A sculptor's diary is a relatively rare thing in art history. That compiled by the New Zealander William Thomas Trethewey (1892-1956) (fig. 1) is a unique document, chronicling his voyage to and sojourn in Great Britain, as well as visits to Germany, France and Australia, between 16 January and 22 September 1936.1 The diary runs to a remarkable 952 pages - some 110,000 words - and meticulously yet exuberantly covers every stage of his 'Great OE' ('Overseas Experience' in New Zealand parlance), from his departure from Lyttelton, New Zealand on his outward voyage to his departure from Sydney, bound for Auckland, on his return voyage.

As a diarist, Trethewey is no David d'Angers and still less a Keith Vaughan. Yet he is no Pooter either: there is minimal pretension or self-importance about him. A colonial classlessness is already evident in this second-generation New Zealander. What also indubitably emerges is what today would be called a 'people person'. As much at home in a saloon bar as an interested visitor to the Royal College of Art, Trethewey is sociable, curious, quick-witted, observant and good-humoured, a listener as well as a talker. He is no intellectual: his prose provides few insights into the workings of his mind or even into the creation of sculpture. Yet he is always engaging at whatever he addresses, and is vividly, even infectiously enthusiastic in his descriptiveness. Rather like his actual sculpture, Trethewey may not be profound but he nails it.

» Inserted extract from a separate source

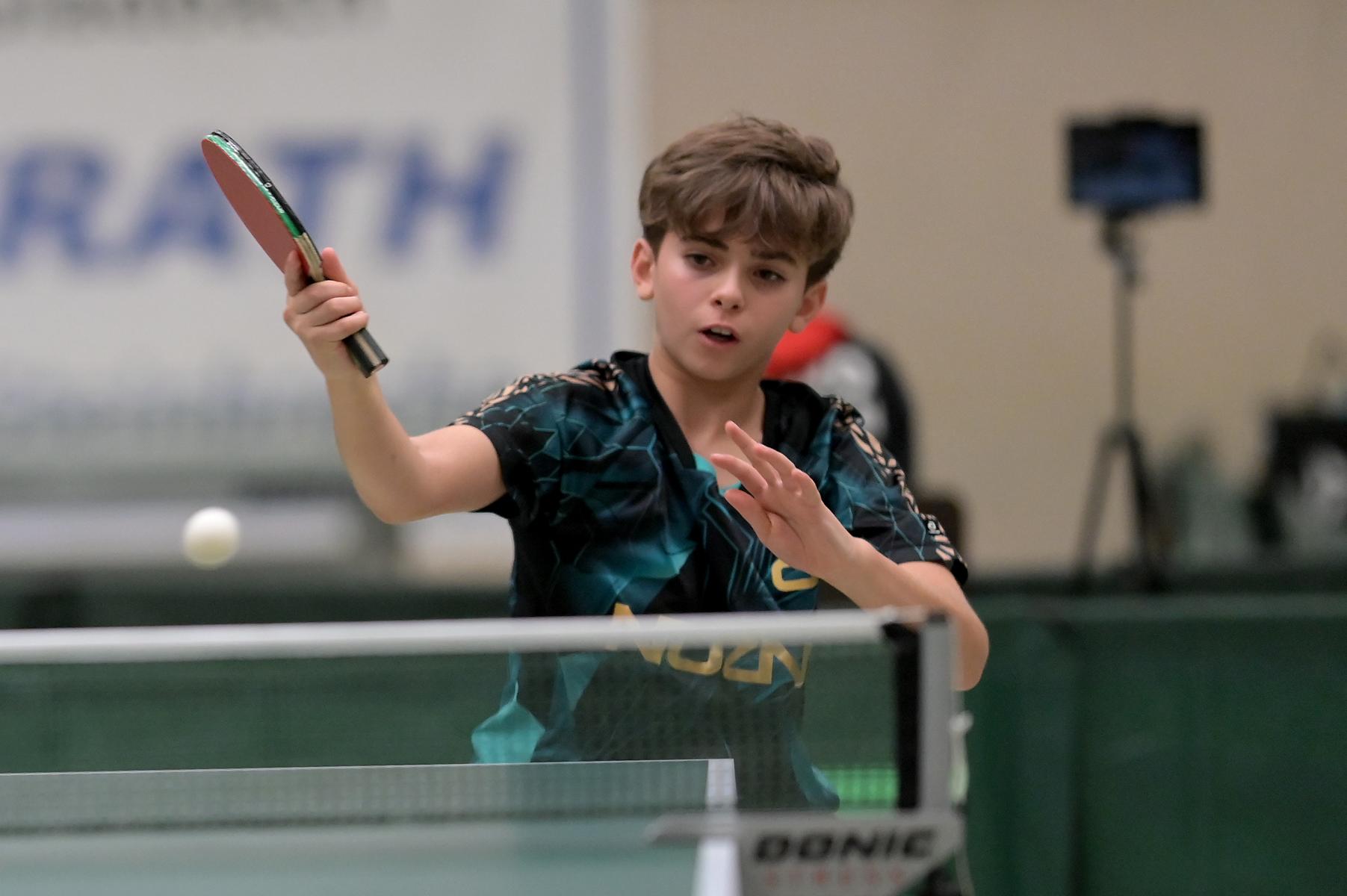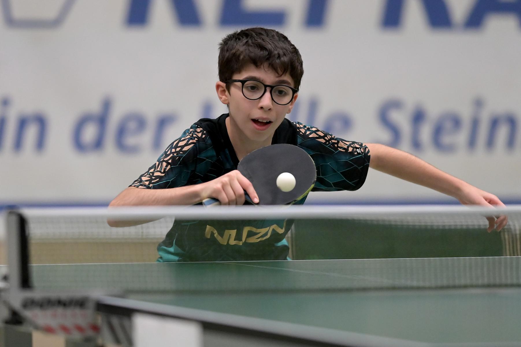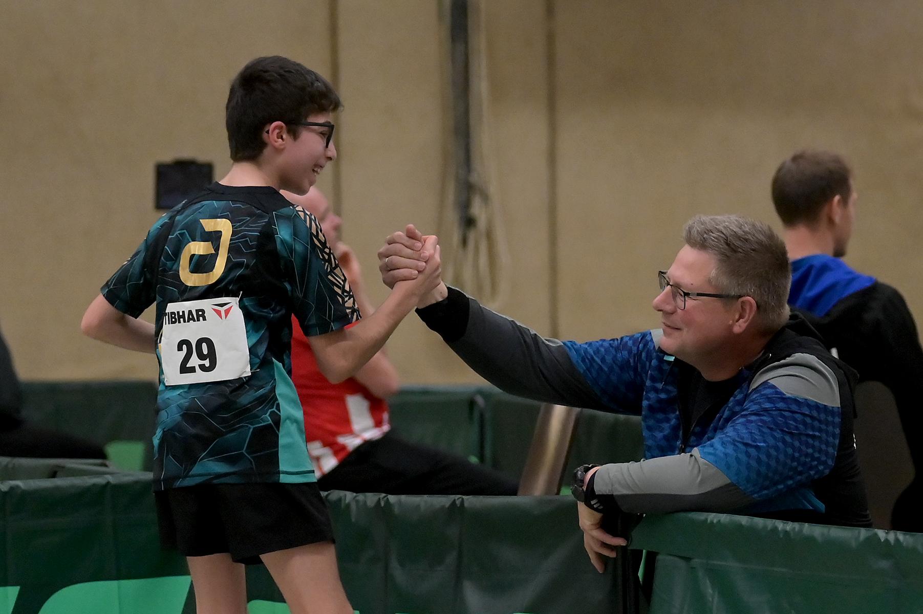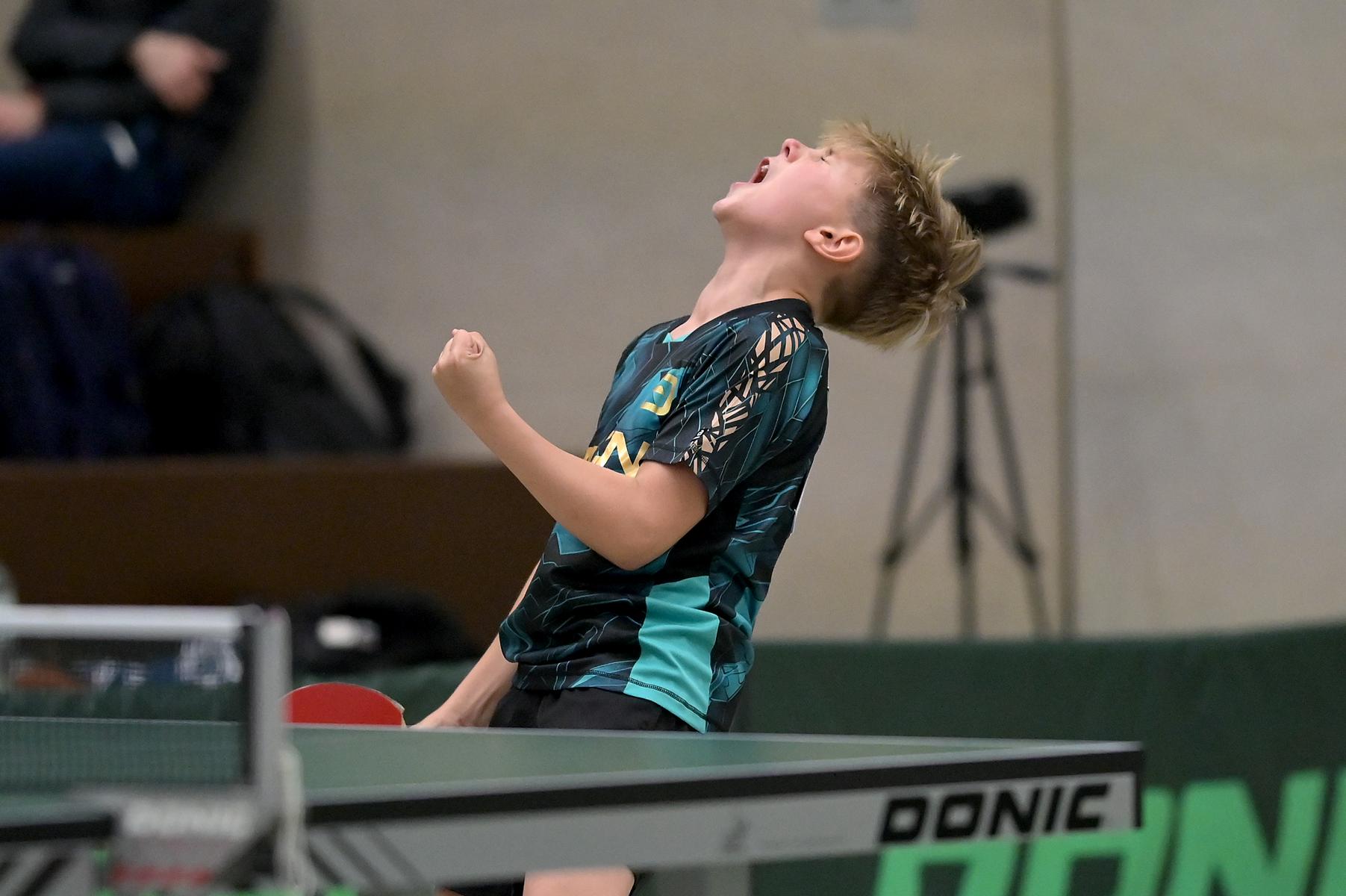 Adam Dahhan spielte eine hervorragende Vorrunde. Er konnte in seiner 8er Gruppe eine 6:1-Bilanz erspielen und sich Gruppenplatz zwei sichern. Die einzige Niederlage war gegen Kiril Manalaki aus Niedersachsen. Während die anderen drei Jungen nur noch den fünften Platz erreichen konnten, hatte Adam noch Chancen auf den Sieg der Veranstaltung. Gegen den Sachsen Koki Püschel im Viertelfinale behielt Adam auch in den knappen Situationen die Nerven und holte sich einen 3:2-Sieg und den Einzug in das Halbfinale. Im Halbfinale wartete mit Paul Flemming der nächste Sachse. Nach einem sehr umkämpften ersten Satz (12:10) kam Adam immer besser mit der Spielweise seines Gegners zurecht und holte sich auch Durchgang zwei und drei. Im Finale ging es dann erneut gegen Kiril Manalaki. Am Vortag hatte Adam noch 2:3 gegen ihn verloren und auch einen Matchball leider nicht verwandeln können. Das wollte er jetzt besser machen und sich revanchieren. Dies gelang Adam auch und er holte sich einen souveränen 3:0-Sieg und den Sieg der Veranstaltung.

Trethewey himself is every inch the 'colonial Cornish man' of his self-description and era.2 Never does he use the phrase 'Mother Country' to describe Britain. Instead, he remains constantly and proudly a New Zealander; and it is New Zealand that is certainly his 'Home'. Yet Trethewey's love affair with his destination at times vies with that of his near-contemporary Alan Mulgan, author of the infatuatedly Anglophile Home: A Colonial's Adventure (1927), which describes afternoon tea in a Great Western Railway restaurant car as 'almost a piece of poetry'.3 Trethewey is in turn near delirious when he beholds the picturesque Devonshire village of Clovelly: 'of all the marvellous places I have seen, Clovelly is it. Marvellous. Really I say this about everything I see but everything in England to an appreciative colonial IS MARVELLOUS.'4

In strictly art-historical terms, Trethewey's diary reveals relatively few 'marvellous' insights, indeed, fewer than one might expect given his position by 1940 as 'the only really successful New Zealand sculptor'.5 The explanation lies surely in his self-made status and his practical bent, as well as his cultural milieu. The son of a Cornish carpenter, Jabez Trethewey (1851-1935), who had emigrated to New Zealand in the 1870s, William had initially trained as a woodcarver and earned his later livelihood as a monumental mason. By the 1930s he enjoyed a measure of success and even prosperity, which enabled him to go on what amounted to this sabbatical.6 He had only been noted for his sculpture over the previous 10-15 years, and its status was still widely regarded in the New Zealand public mind as a secondary 'craft' rather than being comparable to painting as an 'art'.7 For a craftsman-cum-businessman like Trethewey, this was probably less of an issue than it was for his traditionally more highly regarded and high-minded counterparts, notably Margaret Butler, R. N. Field, Richard Gross and Francis Shurrock.8 Surely alone of these sculptors, Trethewey found the experience of a visit to a linoleum factory in Kirkcaldy or a steel mill in Middlesbrough as riveting as one to an artist's studio, and worthier of lengthy description.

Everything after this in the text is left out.